## Problem details
Could the data below be printed out exactly, with the pictures left out?

## Data below
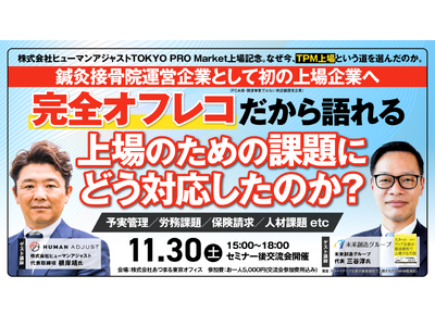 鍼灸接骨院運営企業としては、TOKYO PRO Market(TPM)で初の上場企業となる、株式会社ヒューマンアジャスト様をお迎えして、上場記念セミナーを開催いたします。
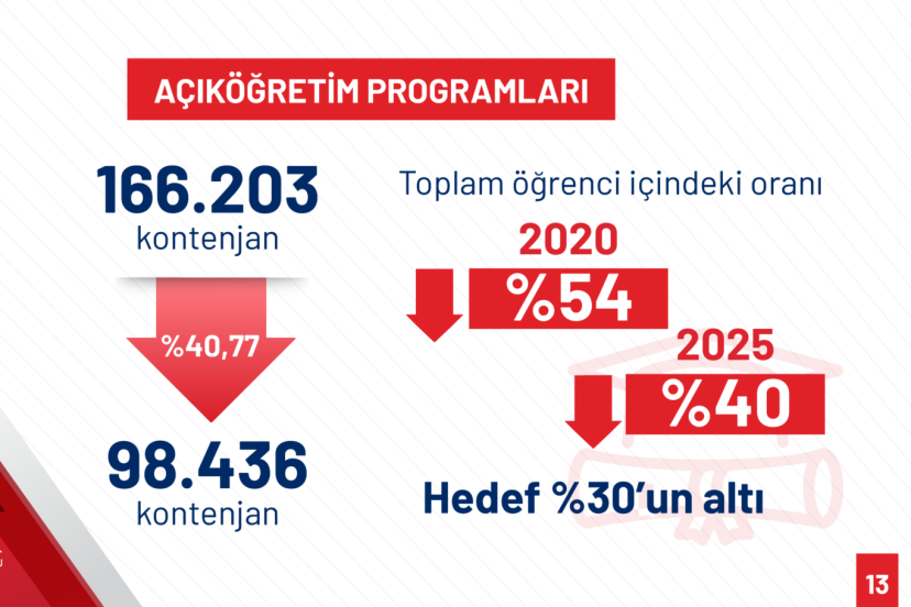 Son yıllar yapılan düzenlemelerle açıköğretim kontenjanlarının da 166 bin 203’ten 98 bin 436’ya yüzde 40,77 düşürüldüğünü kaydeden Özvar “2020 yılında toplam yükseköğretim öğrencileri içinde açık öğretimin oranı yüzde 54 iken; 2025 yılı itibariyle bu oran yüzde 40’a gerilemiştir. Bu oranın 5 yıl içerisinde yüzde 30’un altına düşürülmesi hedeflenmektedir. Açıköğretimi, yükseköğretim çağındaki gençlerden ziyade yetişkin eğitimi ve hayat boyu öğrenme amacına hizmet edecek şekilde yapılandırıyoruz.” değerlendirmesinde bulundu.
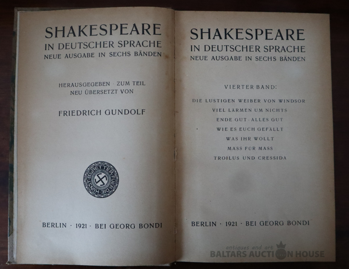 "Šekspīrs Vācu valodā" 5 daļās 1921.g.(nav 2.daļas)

## Result for this task
 鍼灸接骨院運営企業としては、TOKYO PRO Market(TPM)で初の上場企業となる、株式会社ヒューマンアジャスト様をお迎えして、上場記念セミナーを開催いたします。
 Son yıllar yapılan düzenlemelerle açıköğretim kontenjanlarının da 166 bin 203’ten 98 bin 436’ya yüzde 40,77 düşürüldüğünü kaydeden Özvar “2020 yılında toplam yükseköğretim öğrencileri içinde açık öğretimin oranı yüzde 54 iken; 2025 yılı itibariyle bu oran yüzde 40’a gerilemiştir. Bu oranın 5 yıl içerisinde yüzde 30’un altına düşürülmesi hedeflenmektedir. Açıköğretimi, yükseköğretim çağındaki gençlerden ziyade yetişkin eğitimi ve hayat boyu öğrenme amacına hizmet edecek şekilde yapılandırıyoruz.” değerlendirmesinde bulundu.
 "Šekspīrs Vācu valodā" 5 daļās 1921.g.(nav 2.daļas)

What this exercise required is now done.